Thank you for your kindness. I have verified the data preprocessing on male-4-casual using Simplify-X and added your code in camera.py. However, I could not achieve the same results with the data you provided: [Google Drive link](^1^). Regarding your data: Key: camera_matrix : [[ 4.9223537 0. -0.08888889 0. ] [ 0. 4.941477 0.05 0. ] [ 0. 0. 1.0001 -0.01010101] [ 0. 0. 1. 0. ]] Key: camera_transform : [[1. 0. 0. 0.] [0. 1. 0. 0.] [0. 0. 1. 0.] [0. 0. 0. 1.]] Key: transl : [[0.1355158 0.29134032 5.315963 ]] my processed data: Key: camera_matrix : [[ 9.259259 0. 0. 0. ] [ 0. 9.259259 0. 0. ] [ 0. 0. 1.0002 -0.020002] [ 0. 0. 1. 0. ]] Key: camera_transform : [[1. 0. 0. 0.0371261] [0. 1. 0. 0.3118709] [0. 0. 1. 8.512359 ] [0. 0. 0. 1. ]] Key: transl : [[0. 0. 0.]] The matrices are different, and the avatar reconstruction is blurry. Could you provide some advice or update the entire data preprocessing code?

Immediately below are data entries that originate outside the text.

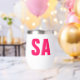 Personalised Double Shadow Monogram wine tumbler. These insulated tumblers are perfect for wedding, birthday, bridesmaids gift, bachelorette party favours, or just for everyday use! Customise with your monogram and your favourite colour combo!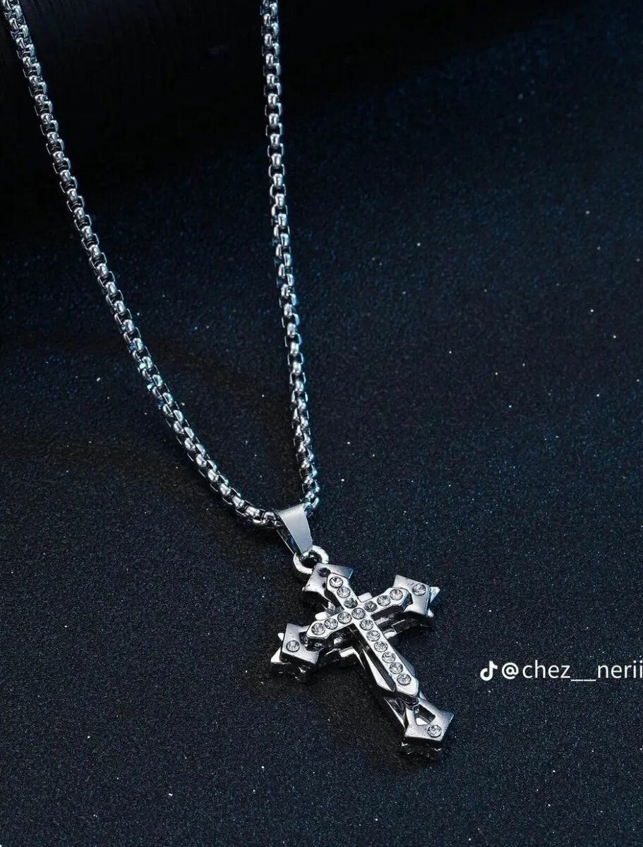 Élégant collier en acier inoxydable avec pendentif croix ou ancre. Parfait pour un look moderne.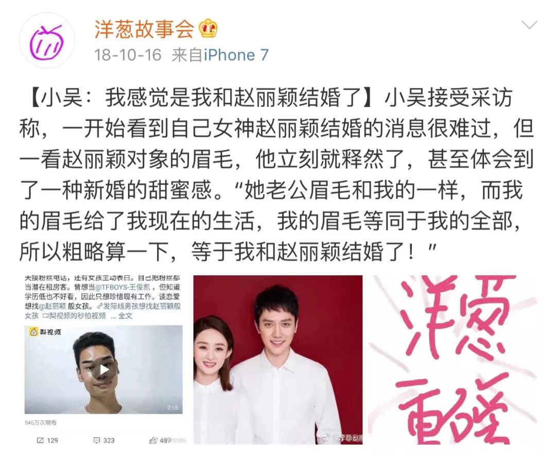 还有去年导致微博瘫痪“官宣”的冯绍峰和赵丽颖的新婚照,因冯绍峰的眉毛和小吴撞型而被调侃。

IceFtv commented 1 month ago

I also have the same problem, I think it's because smplify-x has a default focal_length=5000, so I give smplify_x a focal_length which comes from the camera.pkl.

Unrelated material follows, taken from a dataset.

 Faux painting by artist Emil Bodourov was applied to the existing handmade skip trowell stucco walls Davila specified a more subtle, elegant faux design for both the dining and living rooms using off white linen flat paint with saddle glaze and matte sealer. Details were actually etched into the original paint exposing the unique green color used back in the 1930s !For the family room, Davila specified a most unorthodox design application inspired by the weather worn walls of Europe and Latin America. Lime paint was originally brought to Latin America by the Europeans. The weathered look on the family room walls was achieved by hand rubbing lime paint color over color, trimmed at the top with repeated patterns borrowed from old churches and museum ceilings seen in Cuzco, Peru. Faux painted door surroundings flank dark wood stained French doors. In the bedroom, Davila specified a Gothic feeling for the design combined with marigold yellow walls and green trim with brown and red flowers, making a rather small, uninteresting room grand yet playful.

IceFtv commented 4 weeks ago
from smplx.lbs import transform_mat

size_x = gt_masks_list[frame_id].shape[1]
size_y = gt_masks_list[frame_id].shape[0]

camere_matrix = camera.get_camera_matrix("cpu", size_x, size_y)[0]
camera_transform = transform_mat(camera.rotation,
                                 camera.translation.unsqueeze(dim=-1))[0]

result['camera_matrix'] = camere_matrix.detach().numpy()
result['camera_transform'] = camera_transform.detach().cpu().numpy()

Hi! I added this to fit_single_frame.py somewhere after line 470. But you can assemble these matrices in a dataloader using 'camera_rotation' and 'camera_translation'.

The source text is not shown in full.